Please store your raw histology image as 'he-raw.jpg', scaled image as 'he-scaled.jpg', and final preprocessed image as 'he.jpg' (if using the scaling and preprocessing function provided, this will automatically be done)

## Load in packages and basic functions

In [2]:
%load_ext autoreload
%autoreload 2

import os, subprocess
from utils import load_image, get_image_filename, find_he
from saveParameters import saveParams
#from computeMetrics import compute_metrics
from computeMetrics import compute_metrics_fast
from densityFiltering import compute_low_density_mask
#from textureAnalysis import run_texture_analysis
from textureAnalysis import run_texture_analysis_optimized
from ratioFiltering import run_ratio_filtering
from generateMask import generate_final_mask
from additionalPlots import generate_additionalPlots

## Scale and preprocess H&E image 
Preprocess the image: <br>
(1) Scale so that each pixel is size 0.5 µm (he-scaled.jpg)<br>
(2) Pad the scaled image so its height and width are divisible by patch_size (he.jpg)<br>

In [3]:
# rescale and preprocess image 
if need_scaling_flag:
    subprocess.run([
        "python", "rescale.py", "--image",
        "--prefix", HE_prefix,
        "--pixelSizeRaw", str(pixel_size_raw),
        "--pixelSize", str(pixel_size),
        "--outputDir", output_directory,
    ], check=True)
else:
    print(" *Skipping rescale (need_scaling_flag=False).")
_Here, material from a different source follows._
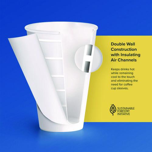 Enjoy your drink without inconvenienceinsulated, double wall paper cups eliminate the need for a cardboard sleeve. Insulating air channels reduce heat transfer, keeping the sidewall cool to the touch. The upscale coffee-themed design is perfect for any cafe or restaurant. Thermotouch insulation maintains beverage temperature. Convenient, leak-proof corresponding lids, for drinking on the go (sold separately). Four cup sizes share one lid.Note: This is a non-returnable item.

if need_preprocessing_flag:
    subprocess.run([
        "python", "preprocess.py", "--image",
        "--prefix", HE_prefix,
        "--patchSize", str(patch_size),
        "--outputDir", output_directory,
        "--pixelSizeRaw", str(pixel_size_raw),
        "--pixelSize", str(pixel_size),
    ], check=True)
else:
    print(" *Skipping preprocess (need_preprocessing_flag=False).")


Looking for files with prefix: HE/demo/he-raw
All matching files: ['HE/demo/he-raw.jpg']
Checking: HE/demo/he-raw.jpg
✅ Found: HE/demo/he-raw.jpg

Loading image from: HE/demo/he-raw.jpg
read image with pyvips.....
Image Width: 8448, Image Height: 18688, Image Bands: 3

 ***Rescaling image (scale: 1.000)...***
Rescaling took 0 sec
Image size: 8448 x 18688
Image size: 18688x8448
✅ Saved as TIFF: HE/demo//HistoSweep_Output/he-scaled.tiff

 ***Preprocessing image...***

Looking for files with prefix: HE/demo//HistoSweep_Output/he-scaled
All matching files: ['HE/demo//HistoSweep_Output/he-scaled.tiff']
✅ Found: HE/demo//HistoSweep_Output/he-scaled.tiff
Loading image from: HE/demo//HistoSweep_Output/he-scaled.tiff
read image with pyvips.....
Image Width: 8448, Image Height: 18688, Image Bands: 3
Saving preprocessed image to: HE/demo//HistoSweep_Output/he.tiff
Image size: 18688x8448
✅ Saved as TIFF: HE/demo//HistoSweep_Output/he.tiff


In [4]:
# ----- Load Final Preprocessed Image  -----

he_img = (find_he(output_directory, 'he') or
          find_he(HE_prefix, 'he'))

if he_img is None:
    raise FileNotFoundError(
        f"No usable H&E image found. Checked for 'he.*' in:\n"
        f"  {output_directory}\n  {HE_prefix}"
    )

print(f"✅ Using image: {he_img}")
image = load_image(he_img)
#print(f" Loaded image shape: {image.shape}")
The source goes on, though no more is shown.